Avant le Desperado, Mocky, le cinéaste un temps vaguement affilié à la Nouvelle Vague mais vite relayée dans les bas-fonds bis d'un cinéma franchouillard anarchisant hors-normes, quelque part entre Chabrol et Max Pécas, s'était racheté le miteux cinéma bis nommé Brady pour y diffuser ses propres films - que plus personne ne voulait diffuser ailleurs à son corps meurtri mais jamais abattu. Comme il y passait également trois nanars ou bobines incongrues par jour dans l'autre salle de projection pour la modique somme d'un ticket unique, le lieu était avant tout devenu d'accueil de sans abris venus s'y réchauffer ou pioncer au son des westerns douteux ou autres slashers rapiécés à partir de différentes pellicules scotchées à la va-vite par des producteurs opportunistes. Ajoutons à ce cocktail savoureux un peu de prostitution extra-muros s'immiscant de plus en plus, un quartier cosmopolite bariolé au cœur du Xème arrondissement et un bordel littéral de vieux maghrébins venus jouer à touche-pipi au milieu du chaos pour saisir à quel point la mèche a besoin de peu qu'il devienne Molotov.

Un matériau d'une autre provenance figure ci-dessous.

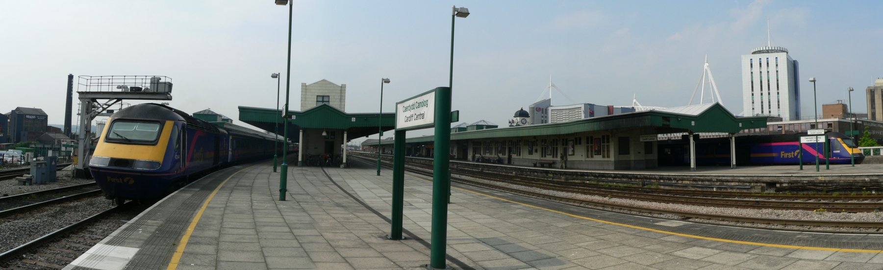 A merged view looking east at the western end of Cardiff Central railway station. A First Great Western HST is visible straigh ahead in platform 4; A FGW Class 158/9 DMU (likely 158966) is visible is on the left at platform 3. The wide span of the platform and canopy on the left (platforms 3/4) compared to the right (platforms 6/7) belies the former location of the now-missing platform 5 - a westfacing bay platform.

Plus encore que pour ses anecdotes saillantes sur le cinéma bis à la Mad Movies (ou Bon Chic Mauvais Genre ou Absurde Séance, big up lillois et nantais), émanant sans surprise d'un étudiant en cinéma devenu projectionniste (l'auteur donc), plus encore que pour l'analyse transversale forcément striptease-sque (l'épisode idoine est évoqué au détour d'un paragraphe lapidaire) de l’œuvre de Mocky accolé sa personnalité hors-normes de filou mégalo au grand cœur, cet amusant essai vaut pour sa dimension anthropologique inattendue. Avec un sens de l'observation aiguisé et un goût pour l'analyse étayé ici ou là par quelques données cadrant le réel comme il faut (à gauche donc), Thorens dépeint avec tendresse et amusement les frasques de sa faune d'éclopés hauts en couleurs, non sans dépeindre in fine leur fonctionnement rituel, leurs codes implicites, leur sens de l'honneur en propre. Dans une sorte d'épilogue contextuellement convenue mais tout de même subversive, il en vient en bon sociologue de facto à relativiser la norme des clients de l'UGC pour lequel il travaillera ensuite, pas forcément plus équilibré que ses SDF branques, et pas forcément plus sympathiques... Avec son style simple mais espiègle aux entournures, qui refuse également le pathos en optant pour un regard personnel empathique mais sans complaisance particulière, Thorens signe un objet littéraire qui vaut le détour par les bas-fonds les plus mal famés de la capitales.
Réservés à ceux qu'intéressent également, sans hiérarchie préconçue, à Nanarland, aux OFNI (Objets Filmiques Non Identifiés) de Mocky, aux écirts Levi-Strauss et à l'émission Striptease.